ARKLOW
ARKLOW
– Jim Rees
'Whole time engaged': July to December 1920
Arklow RIC barracks, directly opposite the Catholic Church . Photo: Courtesy of Jim Rees
By mid-1920, there were about eighty RIC men in the barracks on Parade Ground and ‘half a company’ of the Sussex Regiment in a temporary military barracks.1 Despite this presence, the IRA companies in the Arklow area continued to be active, destroying abandoned barracks at Aughrim and Redcross and burning huts used by British soldiers in and around the Kynoch complex. In July, five such huts were heavily doused in petrol and set alight.
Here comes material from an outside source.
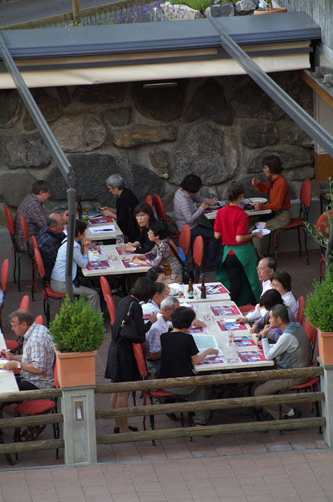 目の前のイタリアンの翌日の夕食風景。 どっかのツアー客でしょうか?

They had been used by members of the Cheshire Regiment, which had been transferred out a few days before. Now, only one of the huts was available for use by the incoming Royal Engineers. Bray man David Frame had bought the complex from Kynoch’s in November 1919 and he brought a claim for malicious damage for the amount of £5,000. He was awarded £3,000.2 Andrew Kavanagh from Ferrybank joined the Arklow company in 1917, while still only sixteen.3 He left Arklow a few months later to work in Newbridge, County Kildare and later in Nenagh. He returned in 1919, more mature and eager to take on greater responsibility. In late autumn 1920, Tom Quigley ceased to be Brigade Adjutant and Andrew Kavanagh was appointed as his replacement.